Intrachromosomale Interaktionen, die in der durchgezogenen Linie dargestellt sind, sind im Verhältnis zu den interchromosomalen Wechselwirkungen, die durch die Strichlinien dargestellt werden, angereichert. Dies impliziert direkt das Vorhandensein von Chromosomenterritorien: Die Berechnung der beobachteten und erwarteten Anzahl des interchromosomalen Kontexts zwischen allen Chromosomenpaaren zeigt eine bevorzugte Assoziation zwischen bestimmten Chromosomenpaaren. Kleine genreiche Chromosomen interagieren bevorzugt miteinander, was durch die leuchtend rote Farbe gekennzeichnet ist.
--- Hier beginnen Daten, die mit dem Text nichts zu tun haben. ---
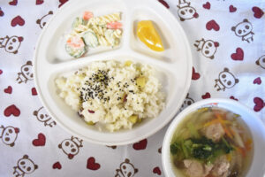 1月312023にじいろ給食ブログ~ 今日の給食 ~ ・肉団子スープ ・マカロニサラダ ・さつまいもごはん ・もも ~ 今日のおやつ ~ ・麦茶 ・レアヨーグルトケーキ Post navigationPreviousPrevious post:1月31日(火)NextNext post:2月1日(水)
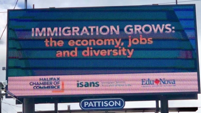 二周前,在温哥华,卡里加里,多伦多等地出现大幅广告牌“拒绝大规模移民”后(“Say NO to mass immigration” – 由民粹的“加拿大人民党”发起,现已撤除。小党,其在参议院没有席位,在下议院有1个席位)。新斯科舍省Nova Scotia在其首府哈利法克斯市周围竖起大量巨幅广告牌,用来宣传移民和国际留学生带来的好处,并以“弄清事实,并创造历史记录”为标语。这九个巨幅数字广告牌由哈利法克斯商会,新斯科舍省移民服务协会和省教育部,以及EduNova共同赞助。
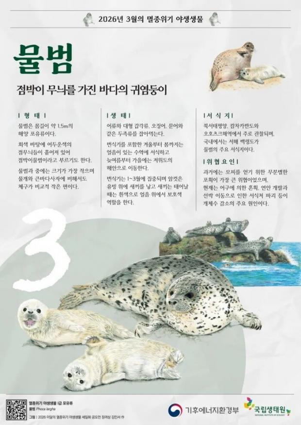 [노트펫] 기후에너지환경부(장관 김성환)는 봄이면 우리나라 백령도를 찾아오는 ‘물범’을 3월 ‘이달의 멸종위기 야생생물’로 선정했다고 2일 밝혔다.
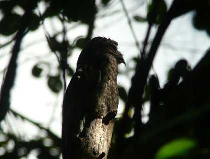 Exploring deeper in the trails inside the park we were able to find one of the main elusive birds that live in this forest: a common potoo. Despite its name, this bird is hard to find since they resemble a piece of broken branch amongst the dry vegetation.
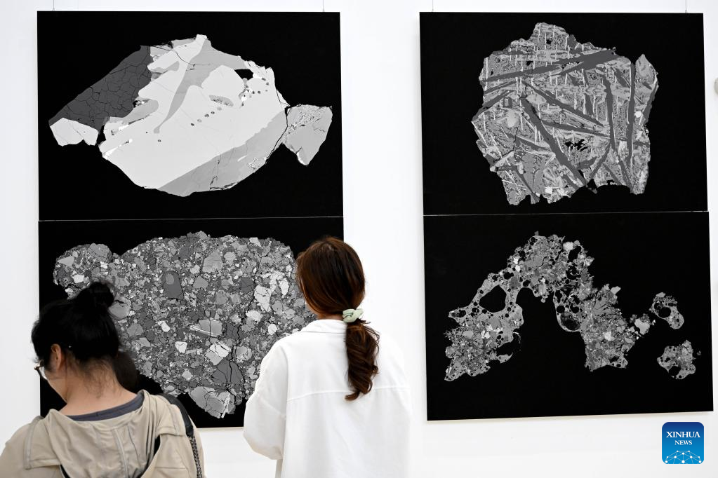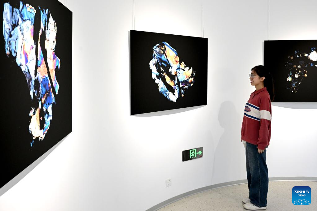A visitor views cross-polarized micrographs of lunar soil particles at an exhibition themed on lunar soil research achievements in University of Science and Technology of China, in Hefei, east China's Anhui Province, April 19, 2023.?(Xinhua/Huang Bohan)
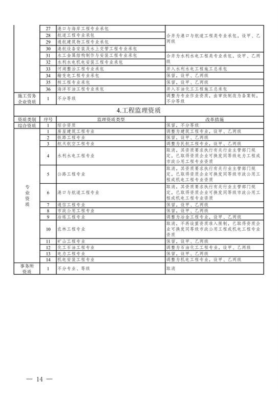4.工程監(jiān)理資質(zhì)。保留綜合資質(zhì);取消專業(yè)資質(zhì)中的水利水電工程、公路工程、港口與航道工程、農(nóng)林工程資質(zhì),保留其余10類專業(yè)資質(zhì);取消事務(wù)所資質(zhì)。綜合資質(zhì)不分等級,專業(yè)資質(zhì)等級壓減為甲、乙兩級。
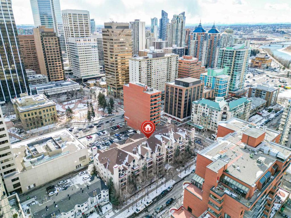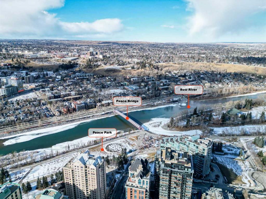 Welcome to Unit 215 at Pavilions of Eau Claire, an inviting 2-bedroom, 2-bathroom condo offering 854 sq ft of comfortable living in one of downtown’s most desirable locations. Just steps from the Bow River and scenic pathways, this home places you close to the vibrant amenities of Eau Claire while still offering a peaceful residential feel. The spacious kitchen is well-appointed with stainless steel appliances and stone countertops, opening seamlessly into the bright living and dining area where a cozy corner fireplace creates a warm focal point. Durable hard flooring runs throughout the home, making cleaning and maintenance effortless. The large primary suite features a private 3-piece ensuite, while the second bedroom and full bathroom provide flexibility for guests, a home office, or additional living space. A dedicated in-suite laundry room with extra storage adds everyday convenience. Step outside to the generous south-facing balcony, perfect for enjoying sunshine and city views. Residents also enjoy access to building amenities including a billiards room. Ideally located near the river pathways, Prince’s Island Park, Peace Park, the iconic Peace Bridge, and countless downtown amenities, this is an excellent opportunity to enjoy the best of inner-city living.
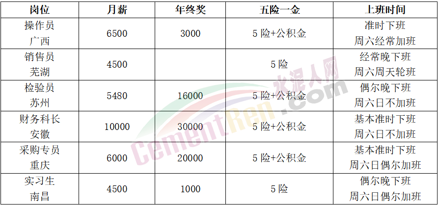華潤水泥員工分享說:“五險一金和社會保險,住房補貼,交通補助,伙食補貼都有,還有中夜班補貼。一個月可以休息8天,還有過節費,生日卡,年終獎金,結婚還有結婚禮金,公司有年假。”
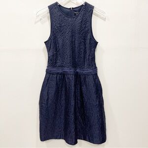 Theory Mildra Linden Fit & Flare Wool Blend Dress Navy Blue Textured Size 6
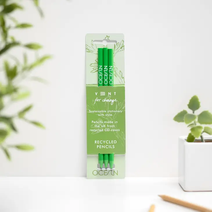 A pack of 3 recycled ocean Algae Green pencils in Vent For Change’s pencil sleeve.
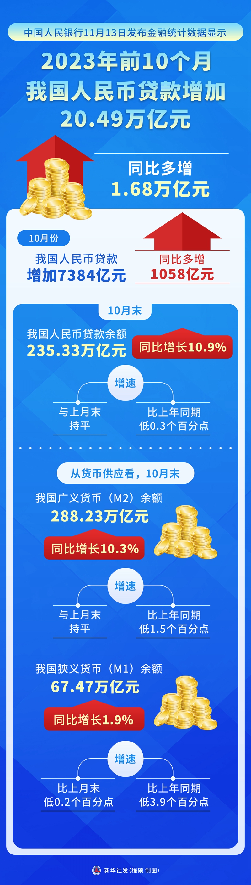 中國人民銀行13日發(fā)布金融統(tǒng)計(jì)數(shù)據(jù)顯示,前10個月我國人民幣貸款增加20.49萬億元,同比多增1.68萬億元。10月份,我國人民幣貸款增加7384億元,同比多增1058億元。
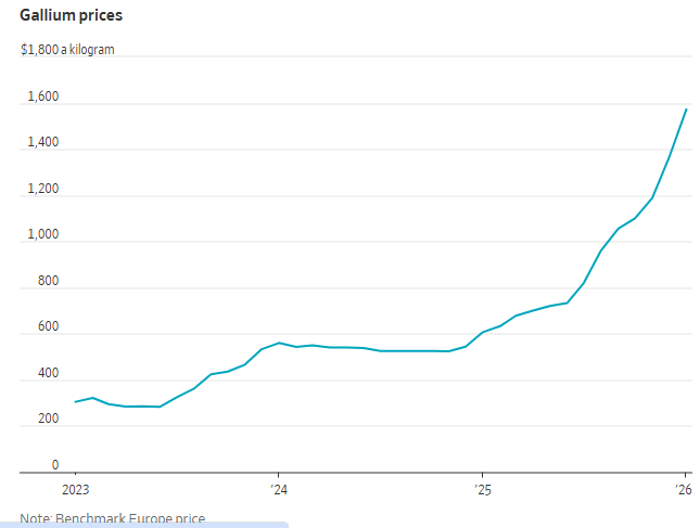 镓是一种奇特的银白色金属,熔点低到能在手掌中融化。而在过去两年,国际市场上镓价的涨势,也几乎轻而易举就“燃烧”到了沸点。行情数据显示,过去两年间,国际基准的鹿特丹低纯度镓价已上涨了近三倍。根据Argus Media的数据,今年1月平均价格创下每公斤约1572美元的历史新高。
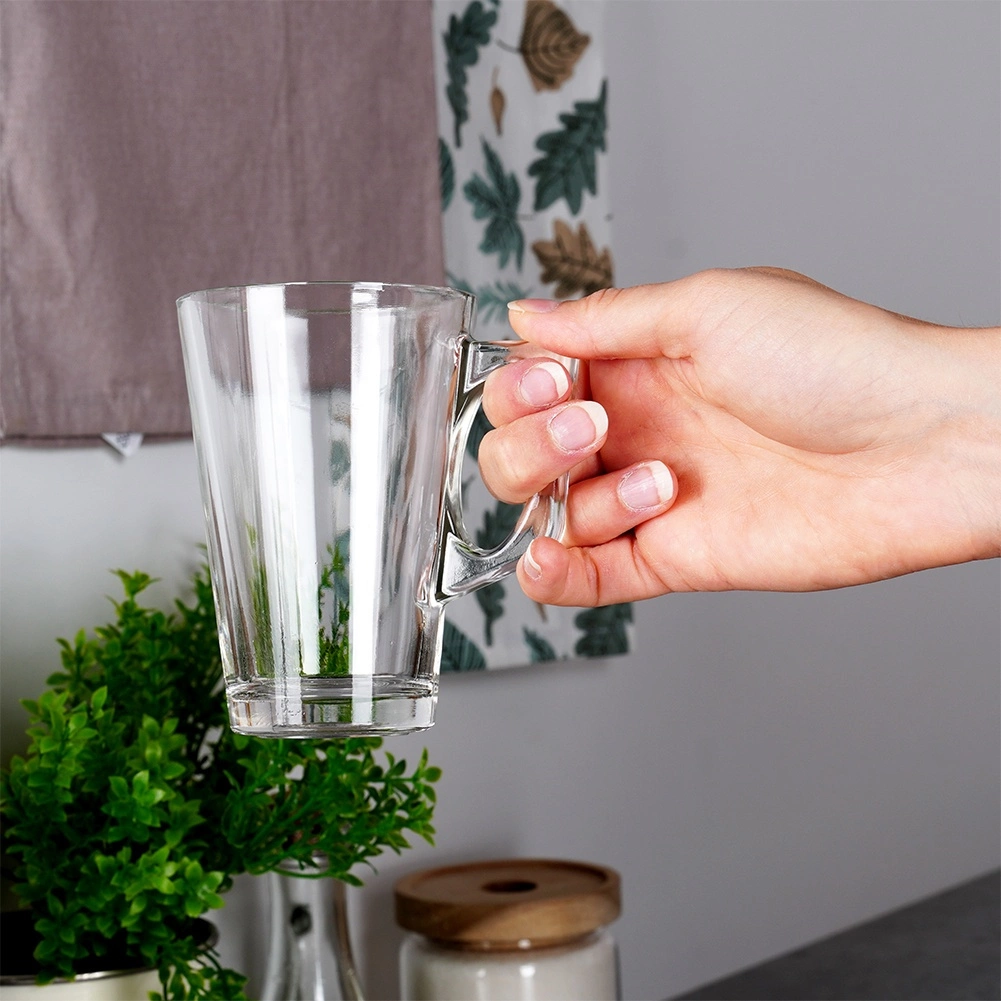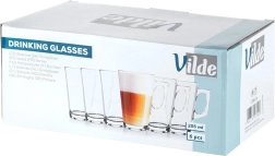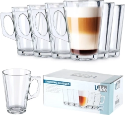 Elegante juego de seis vasos para latte con capacidad de 255 ml y cómoda asa. Fabricados en vidrio resistente de paredes gruesas, aptos para bebidas calientes y frías, con posibilidad de lavado en lavavajillas y uso en microondas. Ideales para cafés, tés, agua y limonadas: una excelente opción para el hogar y la hostelería.

Auch einzelne Chromosomen können untersucht werden. Die rohe Heatmap kann unter Verwendung einer erwarteten Heatmap angepasst werden, um den genomischen Abstand zwischen Paaren von Loci zu berücksichtigen, was zu einer beobachteten übererwarteten Heatmap führt. Dann kann eine Korrelationsmatrix erstellt werden, indem die Zeilen und Spalten der beobachteten Heatmaps über die erwarteten Heatmaps korreliert werden.

Mit Hilfe der Korrelationsanalyse konnte gezeigt werden, dass sich das menschliche Genom in zwei Kompartimente aufteilt. Dies wird durch das Karomuster verdeutlicht. In den Korrelations-Heatmaps mit Daten mit hohem C-Gehalt wurden neue Erkenntnisse über die Chromatinfaltung auf der Megabasenskala gewonnen.

Ein gewöhnliches Polymermodell der Chromatinpackung würde darauf hindeuten, dass das Chromatinpaket in ein Gleichgewicht GLO Die Darstellung der Kontaktwahrscheinlichkeit ist eine Funktion der Entfernung zeigt, dass die Kontaktwahrscheinlichkeit als Potenzgesetz mit der genomischen Distanz skaliert, deren Steigung ungefähr minus eins ist. Dies ist nicht konsistent mit dem Verhalten eines Gleichgewichts-Glo, entspricht aber den Erwartungen an eine alternative Struktur, die als fraktales Glo bekannt ist. Hier sind zwei gulare Strukturen dargestellt.

Die Färbung entspricht der Entfernung von einem Endpunkt und reicht von Blau bis Cyangrün, Gelb, Orange und Rot. Und wie Gleichgewichtskügelchen fehlen fraktale Kügelchen Verschränkungen in einem fraktalen Glo. Loci in der Nähe entlang der Kontur neigen dazu, in 3D nahe zu sein, was zum Vorhandensein von monochromatischen Blöcken führt.

Solche Blöcke sind im Gleichgewicht Glo nicht zu finden. Das Fehlen von Verschränkungen kann auch demonstriert werden, indem die Kraft, die die Kügelchen einhält, entfernt wird und die Kügelchen sich ausdehnen können. Während das Gleichgewicht Glo dies nicht tut, weil es zu verknotet ist.

Wir haben Ihnen gerade gezeigt, wie Sie eine High-C-Bibliothek für einen Analysator erstellen. Bei der Durchführung dieses Verfahrens ist es wichtig, daran zu denken, die richtigen Kontrollen durchzuführen, um eine effiziente Ligatur und Reinigung mit hohem C-Gehalt zu gewährleisten. Die Anzahl der Lesevorgänge bestimmt letztendlich die Auflösung der Interaktionskarten.

Wir haben etwa 30 Millionen Reads verwendet, um Interaktionskarten des menschlichen Genoms mit einer Auflösung von etwa einer Megabase zu erstellen. Um die Auflösung um den Faktor N zu erhöhen, muss die Anzahl der Lesevorgänge um den Faktor n zum Quadrat erhöht werden. Ich wünsche Ihnen viel Spaß beim Lernen über die Struktur des menschlichen Genoms.

Das war's also. Vielen Dank fürs Zuschauen und viel Erfolg bei Ihren Experimenten.